What to do
Below are the records; give again exactly the lines from the one containing "Binnenin beschikt de" through the one containing "Foto de fachada", leaving out pictures.
[Supplied material — start]
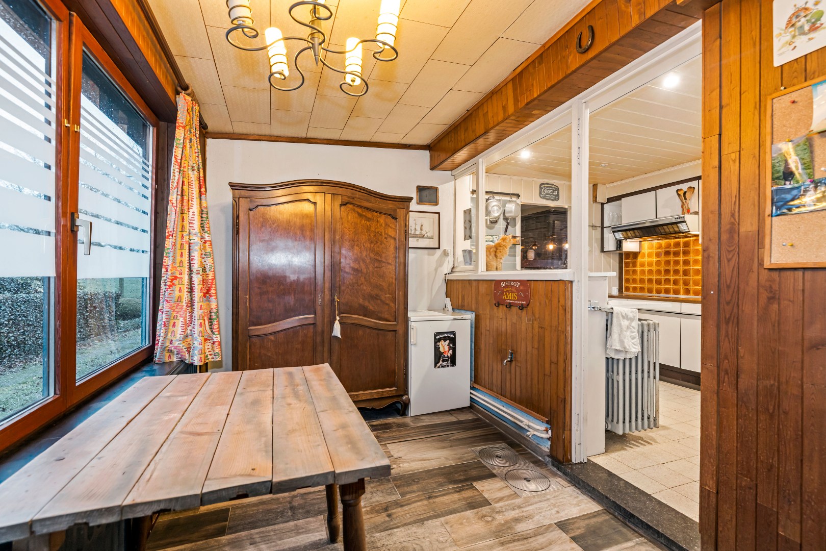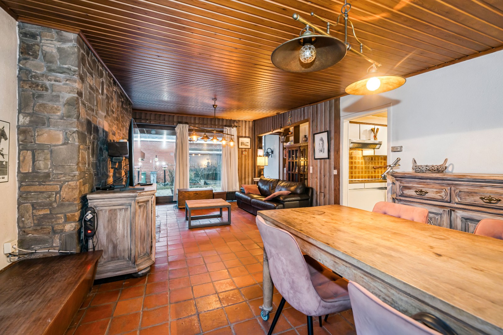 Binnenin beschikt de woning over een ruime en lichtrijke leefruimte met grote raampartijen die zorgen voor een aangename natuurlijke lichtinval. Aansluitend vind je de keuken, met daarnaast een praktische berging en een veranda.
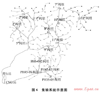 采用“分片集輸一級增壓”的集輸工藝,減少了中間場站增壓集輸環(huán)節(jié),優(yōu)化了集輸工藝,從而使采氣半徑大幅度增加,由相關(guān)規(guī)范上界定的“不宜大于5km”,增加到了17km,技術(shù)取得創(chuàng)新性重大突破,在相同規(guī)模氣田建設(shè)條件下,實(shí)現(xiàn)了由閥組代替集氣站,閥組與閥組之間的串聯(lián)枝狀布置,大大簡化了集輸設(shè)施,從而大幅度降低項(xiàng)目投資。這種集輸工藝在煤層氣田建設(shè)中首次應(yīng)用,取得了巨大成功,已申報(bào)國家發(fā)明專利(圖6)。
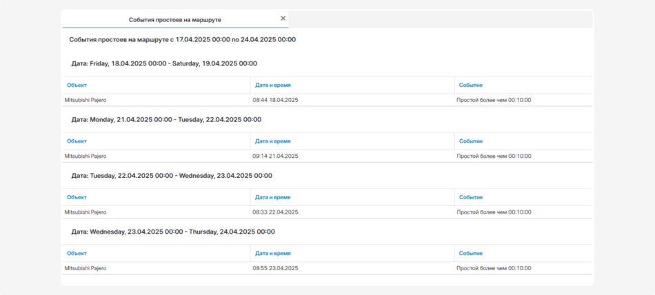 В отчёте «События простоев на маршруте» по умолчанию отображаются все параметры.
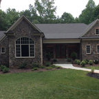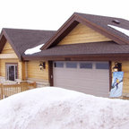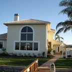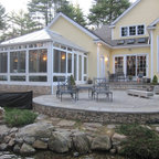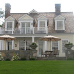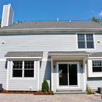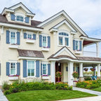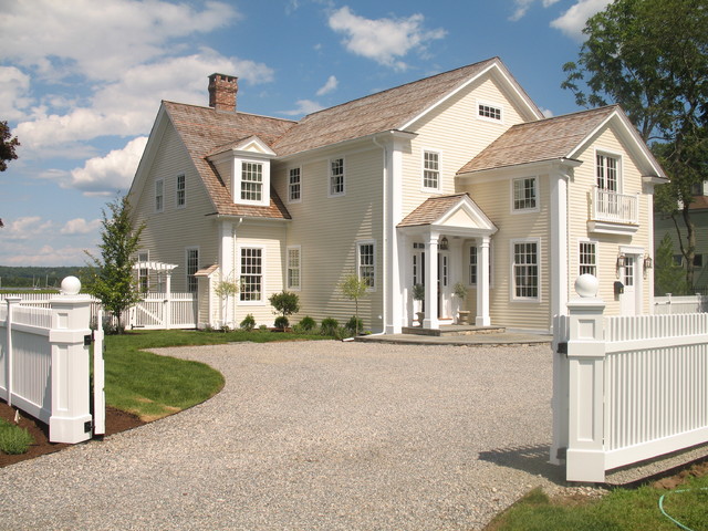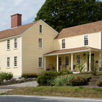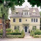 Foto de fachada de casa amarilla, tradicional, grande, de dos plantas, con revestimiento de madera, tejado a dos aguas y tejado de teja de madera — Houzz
[Supplied material — finish]
[Supplied material — start]
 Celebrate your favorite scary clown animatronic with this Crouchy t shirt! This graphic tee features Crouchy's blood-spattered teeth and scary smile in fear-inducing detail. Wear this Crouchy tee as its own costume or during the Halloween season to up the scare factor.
[Supplied material — finish]
Your solution
 Binnenin beschikt de woning over een ruime en lichtrijke leefruimte met grote raampartijen die zorgen voor een aangename natuurlijke lichtinval. Aansluitend vind je de keuken, met daarnaast een praktische berging en een veranda.
 采用“分片集輸一級增壓”的集輸工藝,減少了中間場站增壓集輸環(huán)節(jié),優(yōu)化了集輸工藝,從而使采氣半徑大幅度增加,由相關(guān)規(guī)范上界定的“不宜大于5km”,增加到了17km,技術(shù)取得創(chuàng)新性重大突破,在相同規(guī)模氣田建設(shè)條件下,實(shí)現(xiàn)了由閥組代替集氣站,閥組與閥組之間的串聯(lián)枝狀布置,大大簡化了集輸設(shè)施,從而大幅度降低項(xiàng)目投資。這種集輸工藝在煤層氣田建設(shè)中首次應(yīng)用,取得了巨大成功,已申報(bào)國家發(fā)明專利(圖6)。
 В отчёте «События простоев на маршруте» по умолчанию отображаются все параметры.
 Foto de fachada de casa amarilla, tradicional, grande, de dos plantas, con revestimiento de madera, tejado a dos aguas y tejado de teja de madera — Houzz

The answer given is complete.